Pentaho and Hadoop Pentaho and Hadoop hadoop hadoop

Pentaho and Hadoop


An ETL is a tool to Extract data, Transform (join, enrich, filter,...) it and Load the result in another data store. Good ETLS are visual, data store agnostic and easy to automate.

Hadoop is a data store distributed on a network of clusters plus software to handle diseminated data. The data transformation is specialized on few elementary operations which can be optimized to this usually massive amount of data, like (but not only) Map-Reduce.

Pentaho Data Integrator has connectors to Hadoop systems which are easy to set up and tune up. So the best strategy is to setup a Hadoop network as data store and manipulate it through the PDI.


Pentaho PDI is a tool for creating, managing, running and monitoring ETL workflows. It can work with Hadoop, RDBMS, Queues, files, etc. Hadoop is a platform for distributed computation (Map-Reduce framework, HDFS, etc). Many tools can run on Hadoop or can connect to Hadoop and use it's data, run processes.

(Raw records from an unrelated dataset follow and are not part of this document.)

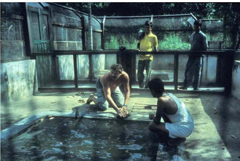
One of the hatchlings' and rearing ponds at Kasarah/C N P

The existing rearing and breeding area at Chitwan National Park turned out to be useful for that purpose and we try to take over that idea by constructing 6 small ponds of 100 x 150 cm and four of 200 x 200 cm. A general depth of 60 cm shall allow proper catching and handling of specimens and of course an individually controllable in- and outflow for proper and easy filling with fresh water and emptying for cleaning and disinfection are the basic conditions. The whole area must be fenced with strong chicken mesh wire against predators being dug into the ground till 30 cm and also the roof and lateral sides have to receive the same protection and natural grasses for giving shade partially. Each pool must be fenced individually and have a simple but proper door together with a small pathway or service corridor appropriate for reaching both sides of the tanks. We do have the idea, concept and the place – but clearly spoken – we need also some help from your side – with some donations to make this rearing and breeding area a reality!!!!!!!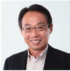
Former Head Coach, Japan National Football Team / Current Owner of FC Imabari Takeshi Okada

TA-Q-BIN DOOR-TO-DOOR PARCEL DELIVERY SERVICE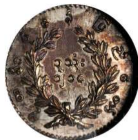
1 Mu 1/8緬元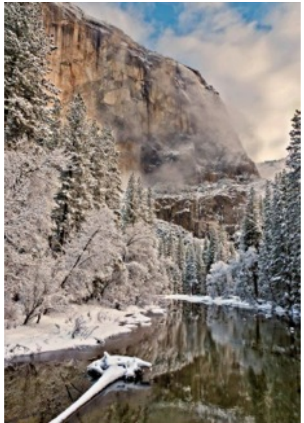
El Cap & The Merced by Pat Grady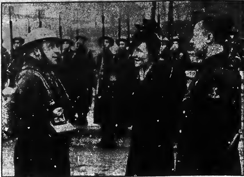
Crown Princess Juliana of the Netherlands shown talking with one of the officers of the Dutch troops training in Canada to join the fight with the other Allied nations still continuing their struggle for freedom. At right is Lieut.-Col. C. J. Sas, Commandant of the Training Center, who is escorting Princess Juliana during the inspection. In the background Dutch troops present arms.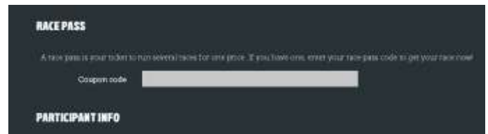
Figure 1: Race pass code, this is NOT where you enter your code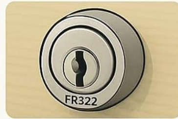
On the Lock Face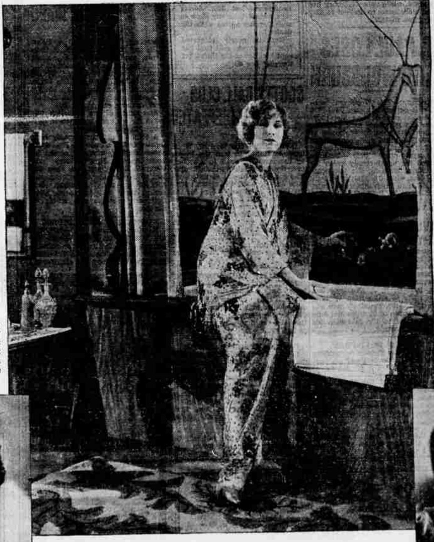
ESTHER RALSTON, famous Paramount star, in the charming and luxurious bathroom which was built in Hollywood for her. She says: "In their close-ups, stars are more closely observed than women in any other profession. Their popularity largely depends on the beauty of their skin. Lux Toilet Soap is excellent for keeping the skin delightfully smooth." Esther Ralston

I IN HOLLYWOOD — —where lovely skin is essential for success— 9 out of 10 screen stars use Lux Toilet Soap . . .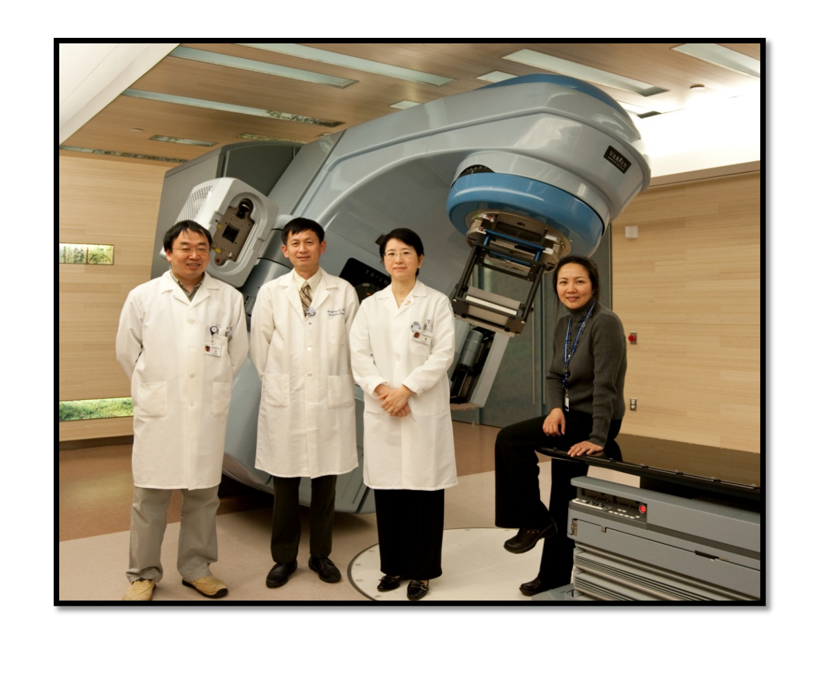
Physicists at Memorial Sloan-Kettering Cancer Center, Basking Ridge, NJ.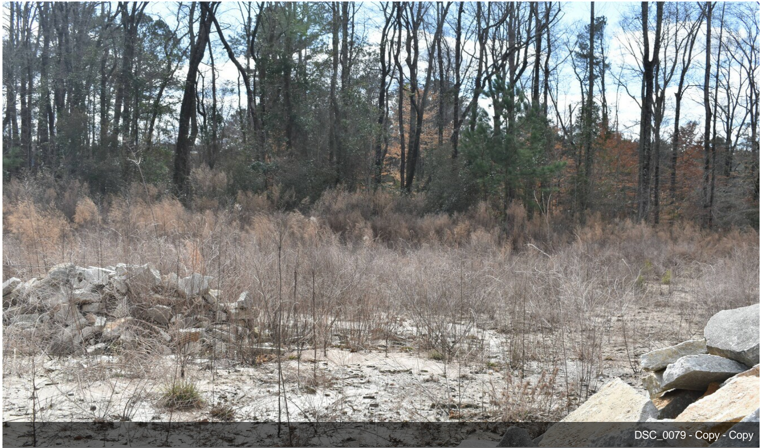
DSC_0079 - Copy - Copy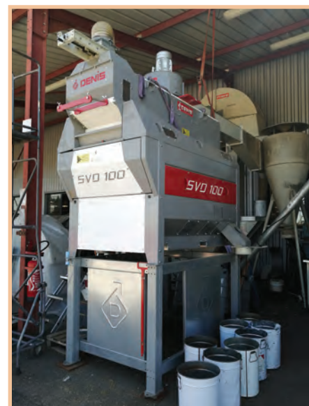
Figure 2 SVD100 vibrating cleaner from Etablissements Denis used to demonstrate the feasibility of the separation of species mixture and the resulting economic benefit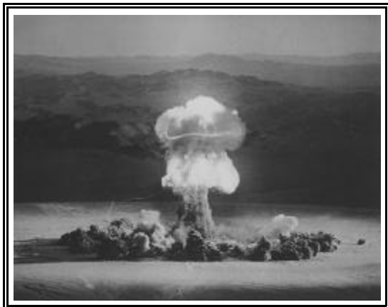
Priscilla was detonated on June 24, 1957 at the Nevada Test Site. It was a balloon, weapons related test that produced a yield of 37 kilotons.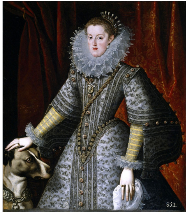
Fig. 1 Bartolomé González y Serrano, Queen Margaret of Austria , 1609, oil on canvas, 116 x 100 cm, Museo del Prado.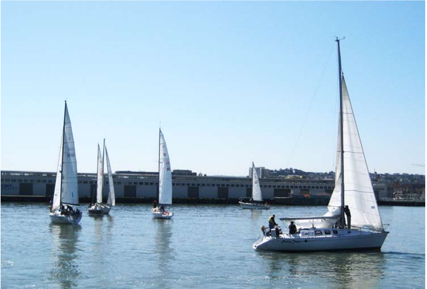
Reality Cheque makes a mainsail adjustment on her new mast while Division D waits for the wind during postponement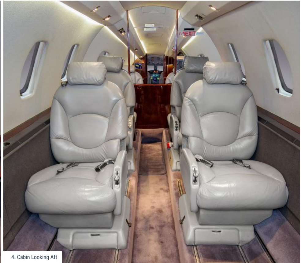
4. Cabin Looking Aft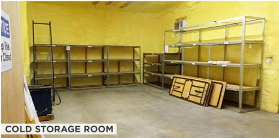
COLD STORAGE ROOM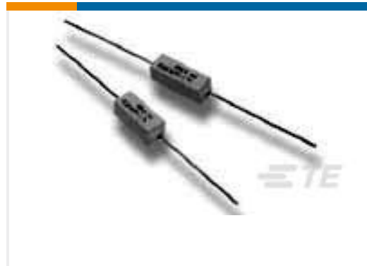
TE Part #1-1623819-4 SBL4 R051 5%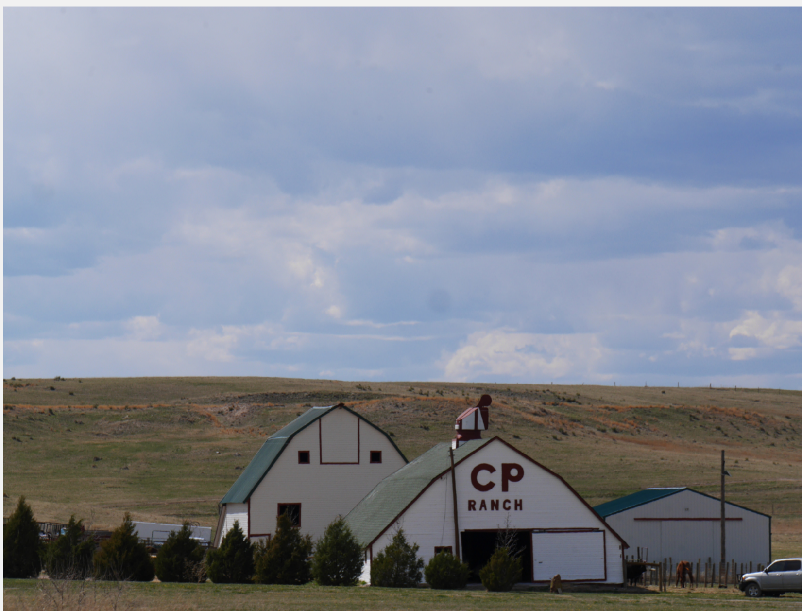
Ranch with barns along highway 85, Wyoming.

The friend who'd given me the route for this wild crane chase also mentioned some ponds with waterfowl close to the highway. I saw several ring-necked ducks, cinnamon teal and couple of pairs of shovelers along with mallard, coot and Canada geese. Returning to Highway 85 and heading south took me back though more ranch country. On the way up, there'd been wild turkeys along the verge. Now barns gleamed white against the earthy pastel green and ochre of the Wyoming grasslands.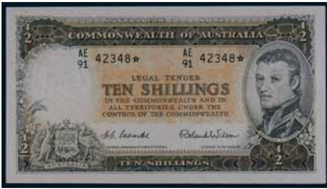
3412* Ten shillings , Coombs/Wilson (1954) AE/91 42348* (R.16s). Cleaned and flattened, nearly very fine and rare. $4,500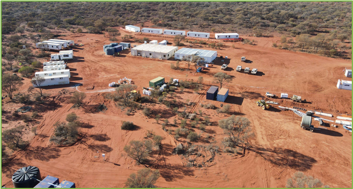
Figure 5: Aerial view of Lake Wells Village

This release was authorised by the Board of the Company.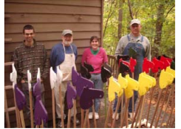
Ponies ready for the artists!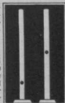
A steel ball dropped through a glass tube on this new head will rebound over 100% higher than on any wooden head.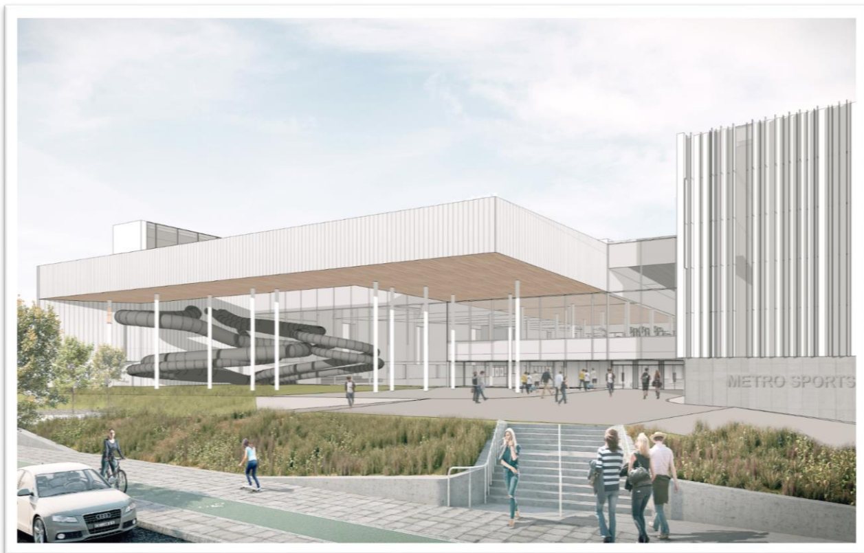
Artist impression: Northern entry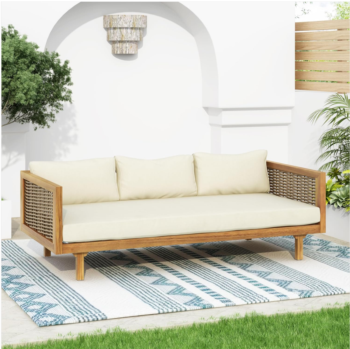
Figure 3: Front view of the daybed, illustrating the integrated rattan armrests and the overall structure.

Pentaho PDI can connect to Hadoop using it's own connectors and write/read data. You can start Hadopp job from PDI, also it can process data by itself inside transformation flow and store or send results to HDFS, RDBMS, some queue, email, etc. Of course you can invent you own tool for ETL workflows or simply use bash+Hive, etc, but PDI allows ETL processsing in a unified way not depending on data sources and targets. Also Pentaho has great visualization.